For interphase fluorescence in situ hybridization analysis, a Spectrum Green-labeled chromosome 11 α-satellite probe (Vysis, Downers Grove, IL) was used according to the manufacturer's protocol. Slides were washed and counterstained with propidium iodide. Six hundred nuclei were evaluated for each cell population studied.
Statistical Methods.
Student's two-tailed t test for independent samples and the χ2 test were used. Mean percentage and standard error of at least three independent experiments and at least 100 cells evaluated per experiment are given unless indicated otherwise.
Results
Centrosome-Associated Defects of Mitotic Spindle Pole Formation in Cervical Lesions.
To investigate whether abnormal mitoses in HPV-associated genital squamous lesions may be associated with centrosome abnormalities, we analyzed tissue specimens obtained from patients with HPV-associated squamous intraepithelial lesions of the cervix, and a specimen from a vulvar squamous cell carcinoma by immunofluorescence staining, using the pericentriolar marker pericentrin (25). The number of mitotic spindle poles of mitotic cells was evaluated. In both preinvasive and invasive genital squamous lesions, mitoses with abnormal centrosomes were detected (Fig. 1A). The most prevalent alteration was a tripolar spindle pole arrangement. Additional abnormalities were individual spindle poles that contained more than one centrosome. Similarly, the HPV-16-positive cervical cancer cell lines SiHa and Caski also showed centrosome abnormalities (data not shown).

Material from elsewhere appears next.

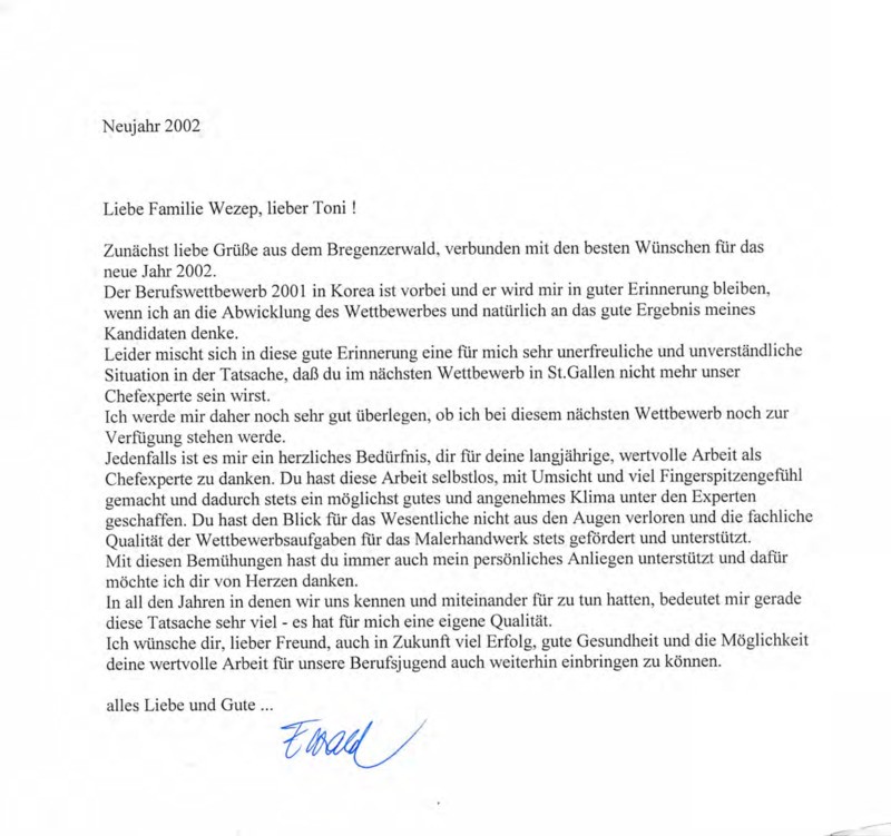 - The subject of this letter is a heartfelt thank-you and farewell message. The writer is expressing gratitude to Toni for his long-standing, valuable work as the chief expert in the context of a professional competition (likely related to the painting trade). The writer also conveys disappointment that Toni will no longer be serving as the chief expert at the upcoming competition in St. Gallen and reflects on the positive experiences and professional relationship they shared. The letter ends with well-wishes for Toni's future.

Normal Human Keratinocytes Expressing HPV-16 E6 and E7 Oncoproteins Display Centrosome Abnormalities.
Next we determined whether NHK populations that express the high-risk HPV-16 E6 and E7 oncoproteins (Fig. 1B) show abnormal centrosome numbers. Centrosome numbers were evaluated in NHKs expressing the HPV-16 E6 or E7 oncoproteins either individually or in combination and compared with matched control keratinocytes, using the pericentriolar marker γ-tubulin (26). In these experiments, only interphase cells were evaluated. Centrosome numbers were considered abnormal when more than two centrosomes per cell (Fig. 1C) were present. The proportion of control NHKs that contained abnormal centrosome numbers was 2.5% (Fig. 1D). In NHK populations expressing the HPV-16 E6 or E7 oncogene individually, the proportion of cells showing abnormal centrosome numbers was increased to 8.3% (3.3-fold) and 8.8% (3.5-fold), respectively. This number was even higher in NHK populations expressing both E6 and E7, where 12.0% of the cells displayed abnormal centrosome numbers (4.8-fold increase; Fig. 1D). Abnormal centrosomes were frequently clustered in a juxtanuclear position (Fig. 1C). Many cells with abnormal centrosome numbers also showed an increased nuclear size or were bi- or multinucleated (Fig. 1C).
In contrast, in low-risk HPV-6 E6- or E7-expressing NHKs, the proportion of cells with centrosome abnormalities was similar to that of control cells (2.6% and 3.3%, respectively; Fig. 1D).
Rapid Induction of Abnormal Centrosome Numbers by Expression of HPV-16 E7 but Not the HPV-16 E6 Oncoprotein.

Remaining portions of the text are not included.